Im September wurde der Kriegsdienstverweigerer Lazaros Petromelidis erneut unter der Anklage der »Gehorsamsverweigerung in Zeiten der allgemeinen Mobilmachung« verhaftet und drei Tage lang im Korydallos-Gefängnis festgehalten, weil er seinem Einberufungsbefehl nicht Folge geleistet hatte. Im Berufungsverfahren gegen seine unter der gleichen Anklage bereits erfolgte Verurteilung zu einer vierjährigen Haftstrafe kam es auch im Berichtsjahr nicht zur Verhandlung. Lazaros Petromelidis war 1998 der Status des Kriegsdienstverweigerers aus Gewissensgründen aberkannt worden, weil er sich geweigert hatte, den alternativen Zivildienst anzutreten, der nach seiner Meinung aufgrund seiner Länge einer Bestrafung gleichkam.

Haftbedingungen

Das Vorgehen der Strafverfolgungsbehörden gegen 18 mutmaßliche Mitglieder der illegalen Gruppe »17. November«, die für 23 politische Morde und andere in den Jahren 1975 bis 2000 begangene Straftaten verantwortlich gemacht wurde, gab Grund zur Besorgnis. Am 29. Juni wurde ein Mann n amens Savvas Xiros mit schweren Verletzungen ins Krankenhaus eingeliefert, die er sich anscheinend in Piräus beim Umgang mit Sprengstoff zugezogen hatte. Während seines mehrwöchigen Klinikaufenthalts stand er unter Polizeibewachung und durfte – angeblich aus Gesundheits- und Sicherheitsgründen – nur sehr eingeschränkt von seiner Familie besucht werden. Ein Staatsanwalt durfte ihn hingegen ausführlich vernehmen, nach Angabe der Behörden als Zeugen. Zur Anklageerhebung gegen Savvas Xiros kam es erst am 31. Juli. Einige der 17 weiteren Verdächtigen wurden nach ihrer Festnahme im Juli in völliger Isolation in Haft gehalten. Im Oktober beschwerte sich Angeliki Sotiropoulou, die einzige Frau in der Gruppe, über ihre Haftbedingungen und erhob den Vorwurf, sie dürfe mit ihrem Anwalt keinerlei schriftliche Unterlagen austauschen. Außerdem erklärte sie, in der Presse erschienene Artikel ließen vermuten, dass die Telefonate zwischen ihr und ihrem Verteidiger abgehört würden.

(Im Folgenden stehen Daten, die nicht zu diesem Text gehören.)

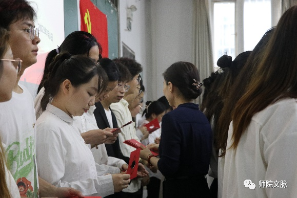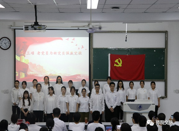 随后,在新发展党员入党宣誓仪式上,新党员列队整齐,由老党员为新党员佩戴党徽,激励他们不忘初心,砥砺前行,把党的光荣传统和优良作风铭记于心、践之于行,实现党的事业薪火相传。新党员面对党旗庄严宣誓,要始终保持对党绝对忠诚,坚定理想信念,忠于党的事业。2021级学生邱瑞代表新发展党员发言,表示了对党组织培养和教育的感激之情,也表明了“做合格党员,永远跟党走”的信心与决心。2020级学生党员董子业、于杰分别代表老党员发言,号召大家要不断武装头脑,增强党性修养,严于律己,继承和发扬党的优良传统,以良好表现回报党组织的培养和关怀,真正发挥党员的先锋模范作用。最后,庞曦副书记对党员们提出要求:一是要以认真落实政治理论学习为基础,牢记身份,做党的创新理论坚定的学习者和践行者;二是要以坚持中国共产党的领导、坚持走中国特色社会主义道路为根本,深刻理解坚持党的领导是中国特色社会主义最本质的特征;三是要以全心全意为人民服务这一宗旨为行动指南,积极服务群众、奉献社会。

Berichte und Missionen von amnesty international

Bericht

Greece: In the shadow of impunity – ill-treatment and the misuse of firearms (ai-Index: EUR 25/022/2002), gemeinsame Veröffentlichung mit der Helsinki-Föderation für Menschenrechte.

Mission

Im September statteten aus Anlass der Veröffentlichung des vorgenannten Berichts Delegierte von amnesty international Griechenland einen Besuch ab, um Gerichtsverhandlungen als Beobachter beizuwohnen und Gespräche mit Vertretern der Regierung zu führen.